The authorities introduced the Japanese Shinto religion with a vengeance. Koreans were required to worship at Shinto shrines.

This issue divided Christians into pragmatic and principled camps. Thousands of pastors and believers were arrested, thrashed and tormented by police torturers. Many continued to resist. Some died under torture, but many gave in.

But the ruling which caused the most widespread anguish, for it touched all Koreans, was a Japanese requirement that they change their names.

This instruction went into law in February 1940, the 2,600th anniversary of the mythical Emperor Jimmu's founding of Japan.

Although officially voluntary, low-level officials forced people to switch their family names if they wanted to go to school, register their names anywhere (marriage, for example), buy or sell land, or apply for work.

(For those old enough to remember, this was an ironic echo of an earlier proclamation. In 1911, the government banned ethnic Koreans from taking Japanese names because they wanted to know who was who. Koreans who had adopted Japanese names were ordered to re-register under their old ones.)

After this decree went out, all around the country, Koreans lined up outside police stations and government offices to register their new Japanese names.

They could take either the Japanese version of their Korean surname or a completely new Japanese surname. They were not allowed to register the Japanese version of a different Korean surname.

At schools, the new names were offered up to the emperor in Shinto ceremonies. Many of the elderly, in befuddled resistance, refused to choose and had names selected for them.

For a people who could trace their male ancestry back centuries and whose fundamental sense of meaning in life derived from the imperative to continue their lineage, this was the final subjugation.

For generations, a destitute Korean father above the slave caste had at least been able to bestow his name on his child. Now even that was taken away.

Many Koreans submitted their new names for registration wearing black armbands and went afterwards to pray at their ancestral tombs.

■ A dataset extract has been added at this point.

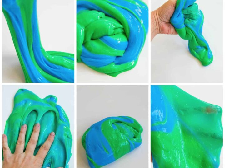 It’s easy to make this striped slime. Make it with your favorite colors or go with blue and green for earth day.

Parents begged their bewildered children to forgive them, and a new generation of nationalists discovered themselves in the crucible of their parents' misery.

In an autobiographical collection of stories "Lost Names: Scenes from a Korean Boyhood," the writer Richard E. Kim describes how, as a young boy, he went with his father to register their new family name, Iwamoto:

The long line of people is still standing outside, hunched and huddled, rubbing their ears and faces, stamping their feet in the snow. My father pauses for a moment on the steps, one arm around my shoulders, and says:

"Look."

Afraid, bewildered, and cold, I look up at his face and see tears in his eyes.

"Take a good look at all of this," he whispers. "Remember it. Don't ever forget this day."

Some people resisted and not necessarily because they were anti-Japanese. Most notably, Hong Sa-ik, a general in the Japanese army, came under pressure but kept his Korean name. (Hong ran the POW camps in the Philippines and was the most senior of the 23 Koreans executed by the Allies after World War II for war crimes.)

By 1944, around 84 percent of the population had registered Japanese family names.

After the Japanese defeat in World War II, the American military government issued a "name restoration order" in October 1946, allowing people to restore their Korean names.

Notable Figures With Japanese Names

Some years ago, former President Kim Dae-jung, created a stir of media criticism when, on a trip to Japan, he telephoned his old teacher and said, "Sir, this is Toyota-san."

When he started at Mokpo Commercial School, Kim was known, by the Japanese pronunciation of his name, as "Kin Dai-choo." In his second year of school, when the nationwide ruling went out requiring Koreans to adopt Japanese names, he became Toyota Hiroshi. This new name was sewn onto his school uniform. Informally, however, the boys still called one other by their Korean names.

Other contemporaries who later became famous were Masao Takagi, who reverted back to Park Chung-hee in 1946 and went on to become the founding father of the Korean economic miracle, and Emoto Ryumei, better known as Moon Sun-myung, the founder of the Unification Church.